MOROCCO – Morocco’s Head of Government Saad Eddine El Othmani has revealed that the Kingdom is looking to substitute imported goods worth US$3.7 billion (about MAD34 billion) with locally produced products.
The plan according to El Othmani is part of a larger goal to strengthen the national economic fabric, expand local production capabilities, and create more jobs for the country’s population.
The substitution plan targets a number of key sectors where Morocco is believed to have a competitive advantage.
The target sectors according to El Othmani include, textile, transport, mechanical, metal, plastics, electrical, electronic, food, and semi-chemical sectors, among others.
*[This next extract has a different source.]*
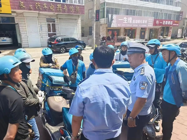 活動(dòng)中,民警首先同企業(yè)負(fù)責(zé)人進(jìn)行了深入詳談,要求企業(yè)加強(qiáng)對(duì)員工的交通安全教育,時(shí)刻繃緊安全神經(jīng),把交通安全放在工作首位。結(jié)合外賣(mài)騎手們的職業(yè)習(xí)慣、駕駛特點(diǎn)等,通過(guò)面對(duì)面講解的方式,強(qiáng)調(diào)了正確佩戴安全頭盔的重要性,要求騎手在行車(chē)過(guò)程中做到不接打電話、不酒后駕駛、不逆行、不闖紅燈、不走機(jī)動(dòng)車(chē)道。通過(guò)交通事故典型案例對(duì)外賣(mài)騎手開(kāi)展警示教育,讓大家意識(shí)到騎乘電動(dòng)車(chē)戴好安全頭盔的重要性,并向外賣(mài)騎手詳細(xì)講解相關(guān)法律法規(guī),現(xiàn)場(chǎng)教授正確佩戴安全頭盔的方法。

As part of the initiative, Moroccan government intends to provide “the necessary support to entrepreneurs” to build on the “Made-in-Morocco” momentum the pandemic inspired.
In July this year, the Kingdom of Morocco’s moved with urgency and determination to protect the country’s domestic industry from cheap imports by slapping a 36% import tax on all textiles from Turkey.
Morocco’s Administration of Customs and Indirect Taxes, while releasing the new tax directives explained that the protectionist measure also hopes to limit imports of textile products, which have strongly competed with domestic products.
Following intense lobbying from the Turkish government the Moroccan Government Council in October approved an amended free trade agreement, normalizing trade although with new conditions.
The amendment for instance, imposed customs duties, for a five-year period, on certain Turkish industrial products listed in the agreement to reach 90% of the value of products from the most-favored-nation.
Investing in renewable energies is a key component of the substitution plan according to El Othmani.
He underlined the importance of making the country “a carbon-free industrial platform” by using a share of Morocco’s renewables to inexpensively power its industries.
Minister of Energy Aziz Rabbah recently said the country will invest MAD 52 billion ($5.65 billion) into the clean energy sector as part of its goal to produce 52% of its energy through renewable sources by 2030.